Instructions to follow: Images do not belong in the copy. Retype the entries exactly.

Entries shown:
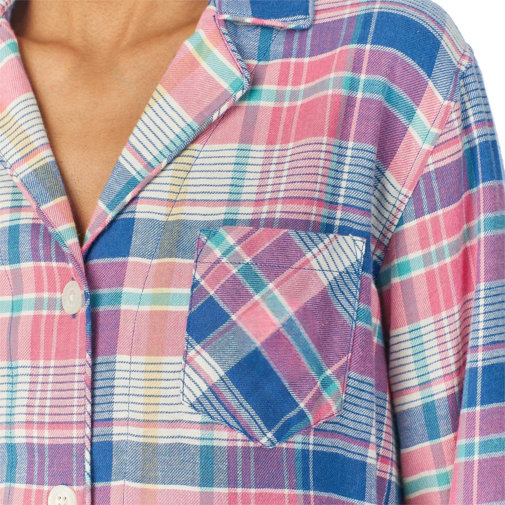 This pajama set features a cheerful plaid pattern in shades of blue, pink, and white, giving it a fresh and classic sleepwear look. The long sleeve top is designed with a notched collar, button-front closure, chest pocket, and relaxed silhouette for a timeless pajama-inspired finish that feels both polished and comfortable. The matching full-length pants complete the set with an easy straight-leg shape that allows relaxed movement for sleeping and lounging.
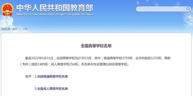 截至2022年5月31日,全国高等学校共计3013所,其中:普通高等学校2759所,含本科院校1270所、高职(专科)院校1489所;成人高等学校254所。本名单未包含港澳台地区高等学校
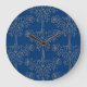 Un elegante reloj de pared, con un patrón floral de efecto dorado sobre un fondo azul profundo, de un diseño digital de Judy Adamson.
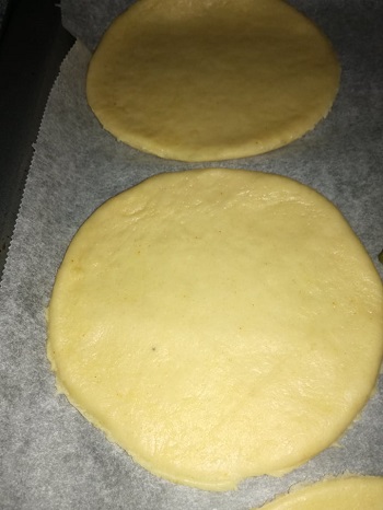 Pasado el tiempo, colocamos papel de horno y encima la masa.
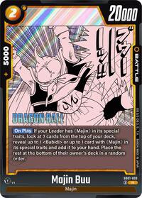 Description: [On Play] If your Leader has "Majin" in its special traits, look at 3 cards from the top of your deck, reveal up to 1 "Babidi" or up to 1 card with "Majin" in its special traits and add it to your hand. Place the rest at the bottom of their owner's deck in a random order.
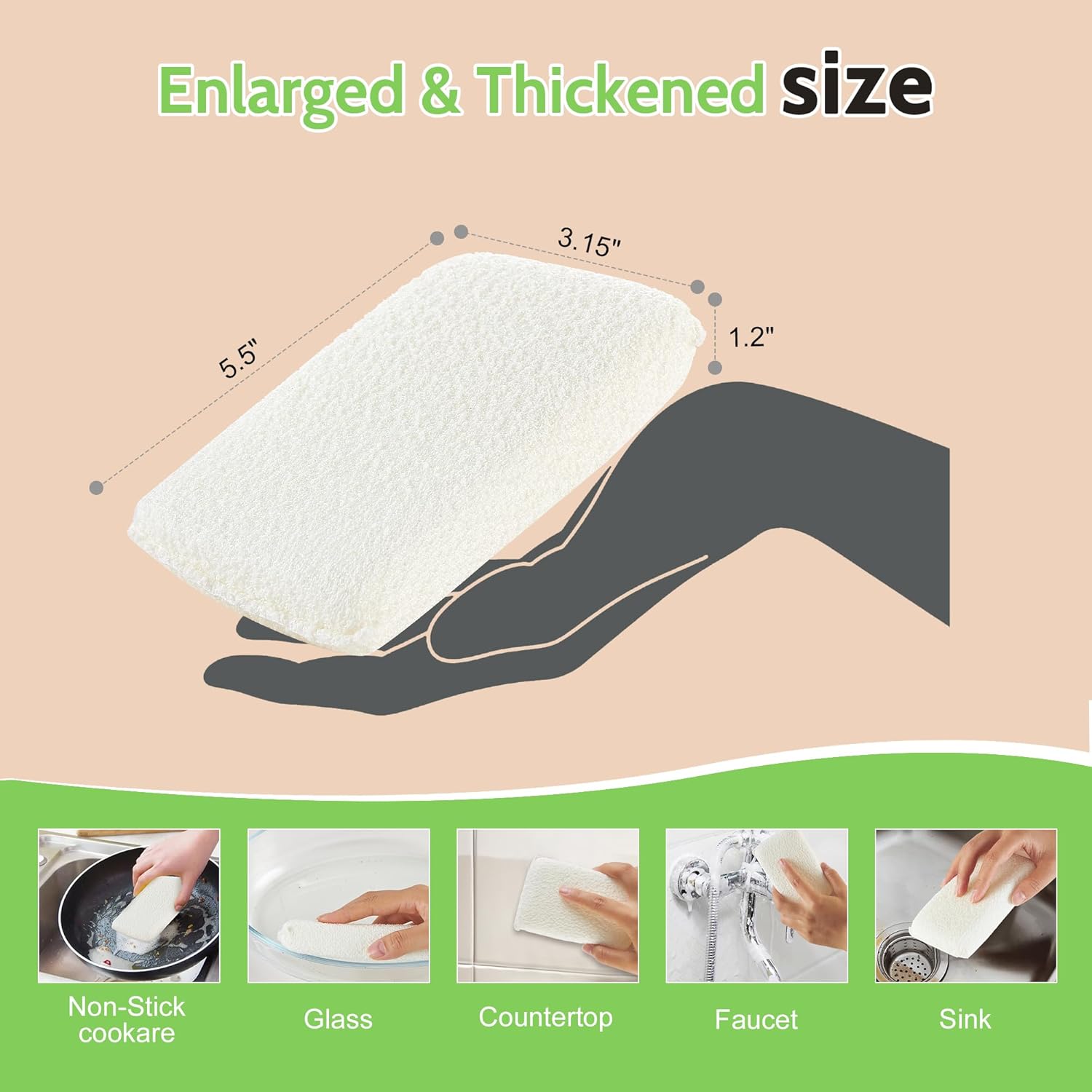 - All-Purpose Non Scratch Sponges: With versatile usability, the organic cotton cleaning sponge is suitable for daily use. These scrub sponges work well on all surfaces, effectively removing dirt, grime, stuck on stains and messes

Your solution:
 This pajama set features a cheerful plaid pattern in shades of blue, pink, and white, giving it a fresh and classic sleepwear look. The long sleeve top is designed with a notched collar, button-front closure, chest pocket, and relaxed silhouette for a timeless pajama-inspired finish that feels both polished and comfortable. The matching full-length pants complete the set with an easy straight-leg shape that allows relaxed movement for sleeping and lounging.
 截至2022年5月31日,全国高等学校共计3013所,其中:普通高等学校2759所,含本科院校1270所、高职(专科)院校1489所;成人高等学校254所。本名单未包含港澳台地区高等学校
 Un elegante reloj de pared, con un patrón floral de efecto dorado sobre un fondo azul profundo, de un diseño digital de Judy Adamson.
 Pasado el tiempo, colocamos papel de horno y encima la masa.
 Description: [On Play] If your Leader has "Majin" in its special traits, look at 3 cards from the top of your deck, reveal up to 1 "Babidi" or up to 1 card with "Majin" in its special traits and add it to your hand. Place the rest at the bottom of their owner's deck in a random order.
 - All-Purpose Non Scratch Sponges: With versatile usability, the organic cotton cleaning sponge is suitable for daily use. These scrub sponges work well on all surfaces, effectively removing dirt, grime, stuck on stains and messes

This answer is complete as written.